Überhaupt, die Autorin: Annika Büsing kann schreiben, manchmal sogar wunderbar, und die eingeschobenen Rückblicke auf das Leben von Chris‘ Mutter und Kollers Großmutter sind ein Vergnügen, auch wenn man diese sich gegen den Strom stemmenden Lebensentwürfe alle schon in anderen Geschichten kennengelernt zu haben meint. Aber warum muss sie die Hauptfiguren zu Fähnchen im emotionalen Wind degradieren? Warum macht sie nichts aus der Katastrophe im Ahrtal, statt diese einfach nur als Hindernis-gebenden Zeitkolorit zu trivialisieren … und hätte man auf die ebenfalls nur nebenbei erwähnten Masken möglicherweise ganz verzichten können, weil sie so wie ein „ach ja, da war was“ wirken? Und dann tritt am Ende auch noch ein „Schamane“ auf, von dem unklar bleibt, warum er diesen Namen trägt oder die Aufgabe hat, die ihm von der Autorin gegeben wird.
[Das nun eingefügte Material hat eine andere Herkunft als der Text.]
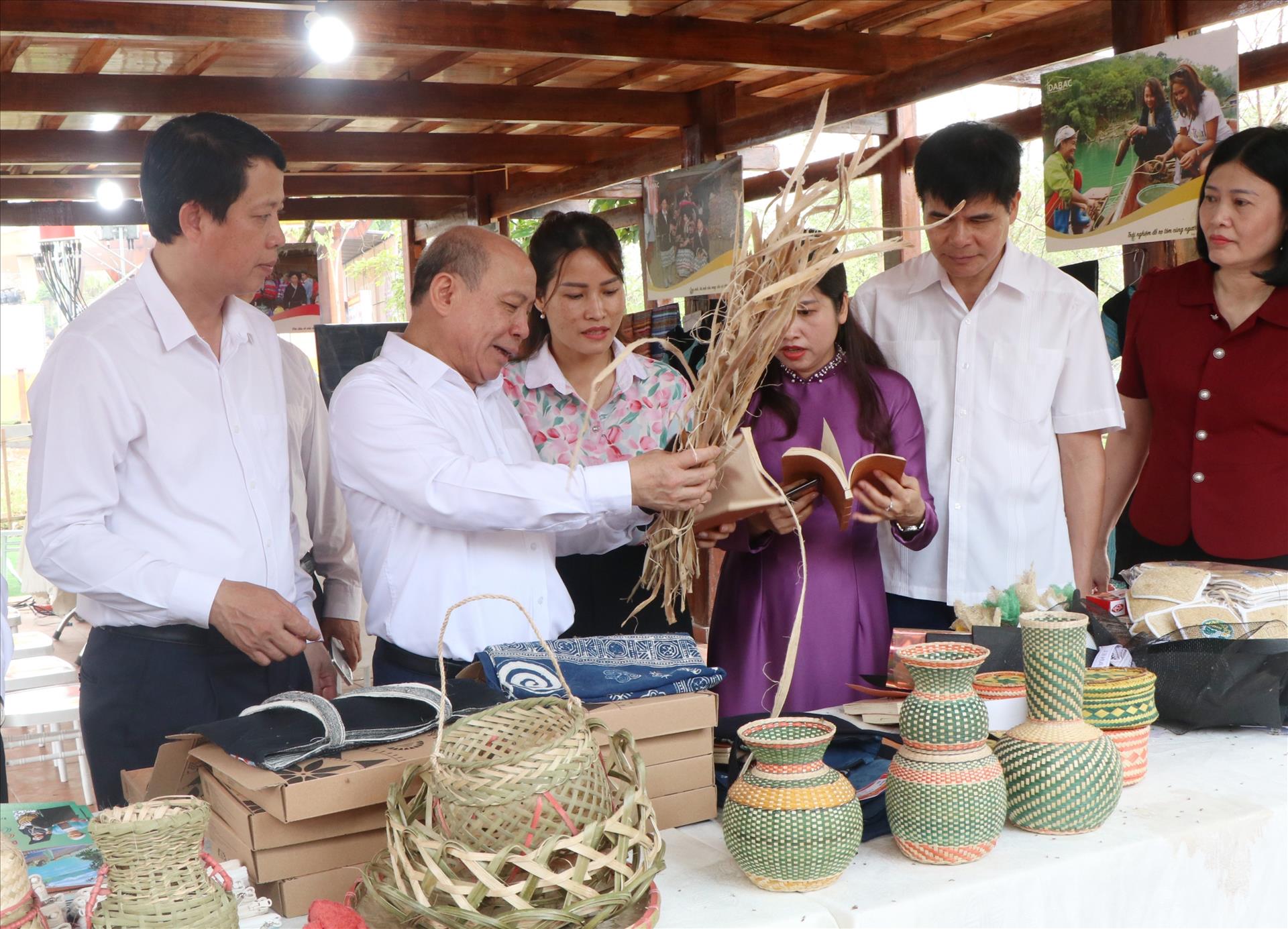 Các đại biểu tham quan gian trưng bày sản phẩm truyền thống. Ảnh: Thu Hương - TTXVN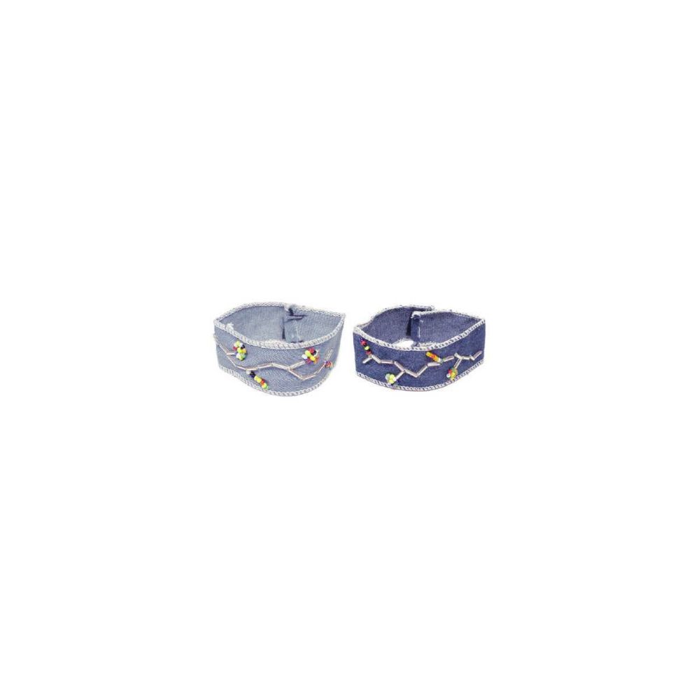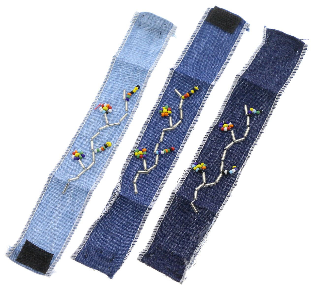 Bracelet, b2495, assorted shades of denim, with multi-color beads, Touch Closure closure, Each bracelet is individually carded.

Ein hübscher Effekt, ja, aber weder er noch der wundersam gerettete Kai namens Dean Martin haben das Okapi-Potential, auf das hier meiner Meinung nach zu sehr geschielt wurde.

„Diese Autorin kann wirklich Geschichten erzählen“, wird im Rückseitentext aus der WAZ zitiert, und ich wünschte, Annika Büsing hätte es wirklich getan, statt einfach nur eine Idee auszupolstern, in der zumindest für mich viel fehlt (so wie auch ein großes E und ein Satzzeichen am Ende des zweiten Jubelzitats von „WDR 2 Loslesen!“).

***

Ich habe dieses Buch im Rahmen einer Verlosungsaktion gewonnen; es handelt sich bei dieser Rezension also nicht um eine beauftragte oder bezahlte Werbung, sondern sie gibt lediglich meine Meinung wieder.